Beware: this library is in a very preliminary stage of development!
To install, clone the repository to a directory on your local file system and install from there using pip:
pip install -e /path/to/your/directory/chebiutils
To setup the local cache of ChEBI data, run:
from chebidblite import setupdb
setupdb.prepareCacheAndIndex()
The cache and index will be built into the directory specified by the environment variable CHEBIDBLITECACHE, which defaults to the following folder within your user home directory: '~/Library/Caches/chebidblite/'. This takes a few minutes. It only needs to be executed once, but can be re-executed whenever a newer version of ChEBI is required -- e.g., overnight.
Once the cache and index are prepared, they can be accessed from any other Python script as required without the overhead of rebuilding.

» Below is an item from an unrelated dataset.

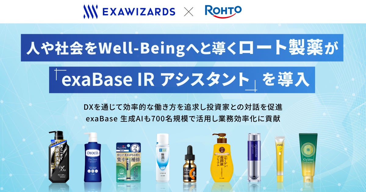 株式会社エクサウィザーズのグループ会社である株式会社Exa Enterprise AI(東京都港区、代表取締役:大植 択真、以下Exa Enterprise AI)は、ロート製薬株式会社(以下ロート製薬)が当社の「exaBase IRアシスタント」を導入したことをお知らせします。ロート製薬は、業務特化型の生成AIを経営企画部など、株主・投資家向けの情報開示に関係する部門で活用することで担当者の業務DXを推進し、付加価値の高い情報開示や投資家との対話へと注力できる体制の実現を図ります。また、ロート製薬では700名以上の社員に「exaBase 生成AI」を導入しており、日常発生する要約や翻訳、原稿作成など幅広い業務の効率化に寄与しています。

To perform searches (for example), use:
from chebidblite import searcher
chebisearcher = searcher.ChebiSearcher()
res = chebisearcher.findAllChildrenOf("CHEBI:15377")
ids = [r.chebi_id for r in res]
names = [r.chebi_name for r in res]
Another example, looking for descendents of a particular class that have structures:
# get all leaf nodes that are descendents of 'tricarboxylic acid' and have structures
res = chebisearcher.findAllLeafChildrenWithStructures(chebisearcher.findChebiIdByName("tricarboxylic acid").chebi_id)
ids = [r.chebi_id for r in res]
names = [r.chebi_name for r in res]
print(names)
And looking for all molecular entities that have a particular role:
res = chebisearcher.findAllWithRole(chebisearcher.findChebiIdByName("nicotinic antagonist").chebi_id)
ids = [r.chebi_id for r in res]
names = [r.chebi_name for r in res]
print(names)
Of course, in addition to the pre-built search functions, you can build up your own queries dynamically:
res = chebisearcher.findAllByQueryString(chebisearcher.IS_A+chebisearcher.findChebiIdByName("subatomic particle").chebi_id+chebisearcher.AND+chebisearcher.IS_A+chebisearcher.findChebiIdByName("molecular entity").chebi_id)
[r.chebi_name for r in res]
If you don't want to search but just want to access the stored database by chebi id (for example), use:
from chebidblite import dblite
dbchebi = dblite.ChebiDbLite()
dbchebi.initialize()
chebi_id = "CHEBI:15377"
water = dbchebi.getEntity(chebi_id)
print(water.chebi_name)
# Direct is_a relationships only:
print(water.is_a)
print([dbchebi.getEntity(e).chebi_name for e in water.is_a])
# All recursively populated ancestor IDs for each entity are stored in a separate map
ancestors_of_water = dbchebi.ancestor_map[chebi_id]
print([dbchebi.getEntity(e).chebi_name for e in ancestors_of_water])